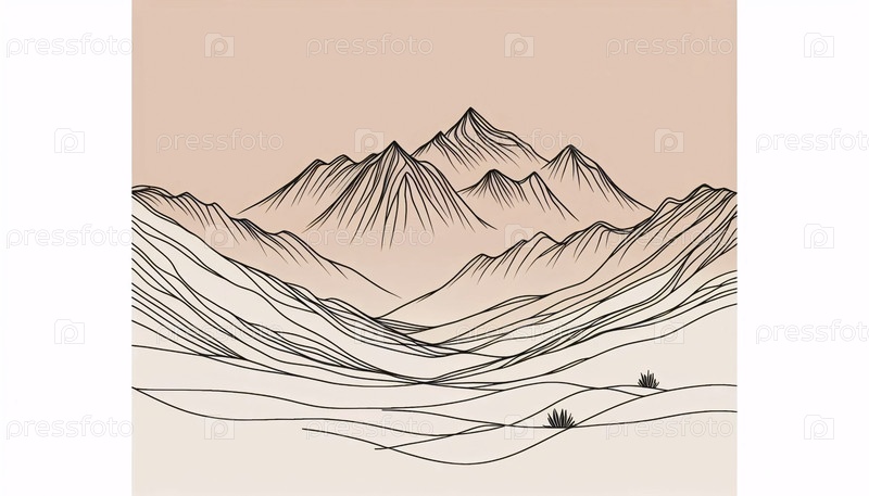 Минималистское линейное искусство горного хребта, Ai generated image
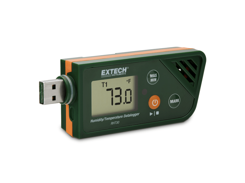 El registrador de datos Extech RHT30 está diseñado con una carcasa resistente y un conector USB estándar, donde las lecturas almacenadas (hasta 48 000 datos) se transfieren cómodamente a un PC en formato de hoja de cálculo PDF o Excel® cuando se conecta. Las características adicionales incluyen un marcador de registro de 8 ubicaciones, 6 opciones de idioma, intervalo de muestreo programable, alarma ajustable e inicio de sesión de seguridad protegido por contraseña. La gran pantalla LCD optimiza la visualización y el LED inteligente proporciona un estado de lectura de temperatura y humedad codificado por colores.
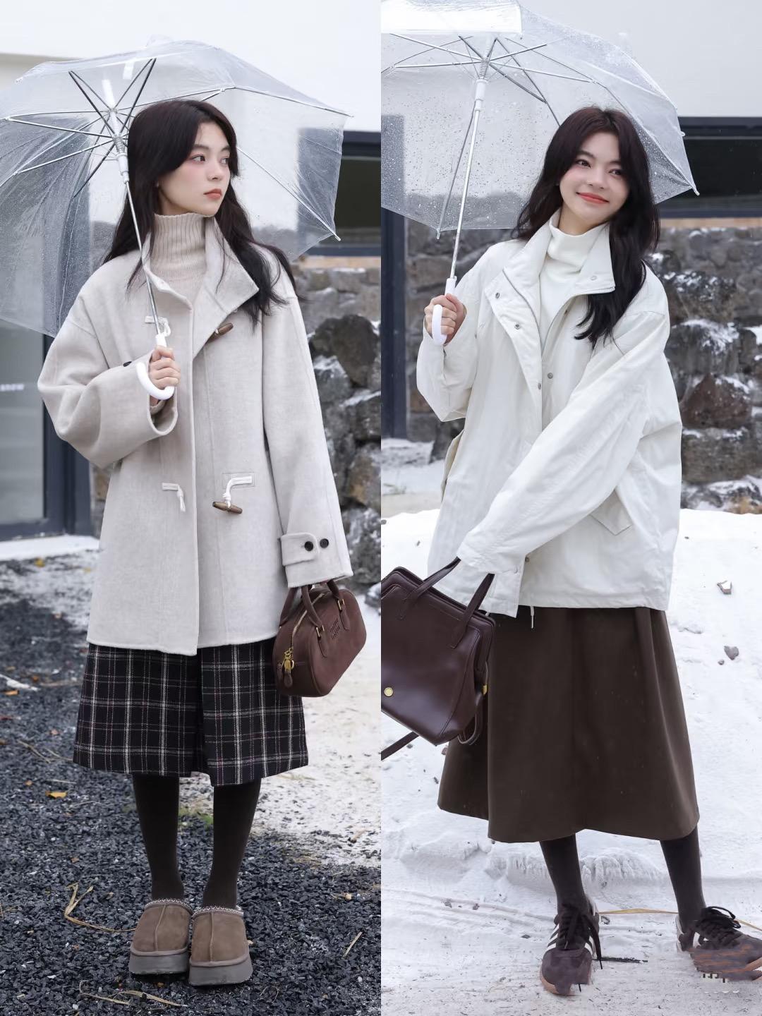 到大腿長度的牛角扣大衣,有一種學院風獨有的氣質,配上千鳥格的半身裙、是很優雅很別緻的美。千鳥格半身裙,配厚底雪地靴也是超時髦。
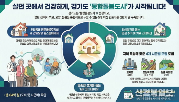 [ 신경북일보 ] 경기도가 화성시, 광명시, 안성시, 양평군 등 4개 시군을 ‘통합돌봄도시’로 선정해 의료-요양-주거 연계 5대 인프라를 상반기 중으로 구축한다.
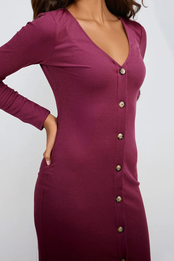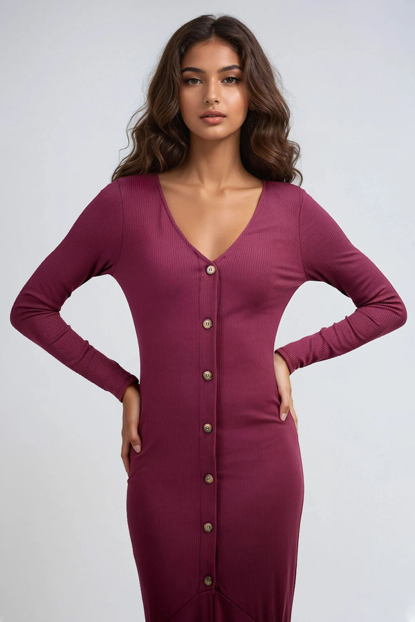 Channel timeless elegance with the Classic Charm Button Down Mermaid Maxi Dress in Wine. Designed with a ribbed knit, chic button-down front, and a flirty mermaid hem, it blends everyday ease with elevated style. The sleek silhouette hugs in all the right places while the front slit adds playful movement. Perfect for dinner dates, weekend outings, or dressed-up workdays, this piece is your go-to for versatile sophistication.

------------------------------

### What the exercise asks
All that should appear in the response is the run of lines from the one with "到大腿長度的牛角扣大衣,有一" through the final line of the records, restated exactly, with pictures omitted.

### Task solution
 到大腿長度的牛角扣大衣,有一種學院風獨有的氣質,配上千鳥格的半身裙、是很優雅很別緻的美。千鳥格半身裙,配厚底雪地靴也是超時髦。
 [ 신경북일보 ] 경기도가 화성시, 광명시, 안성시, 양평군 등 4개 시군을 ‘통합돌봄도시’로 선정해 의료-요양-주거 연계 5대 인프라를 상반기 중으로 구축한다.
 Channel timeless elegance with the Classic Charm Button Down Mermaid Maxi Dress in Wine. Designed with a ribbed knit, chic button-down front, and a flirty mermaid hem, it blends everyday ease with elevated style. The sleek silhouette hugs in all the right places while the front slit adds playful movement. Perfect for dinner dates, weekend outings, or dressed-up workdays, this piece is your go-to for versatile sophistication.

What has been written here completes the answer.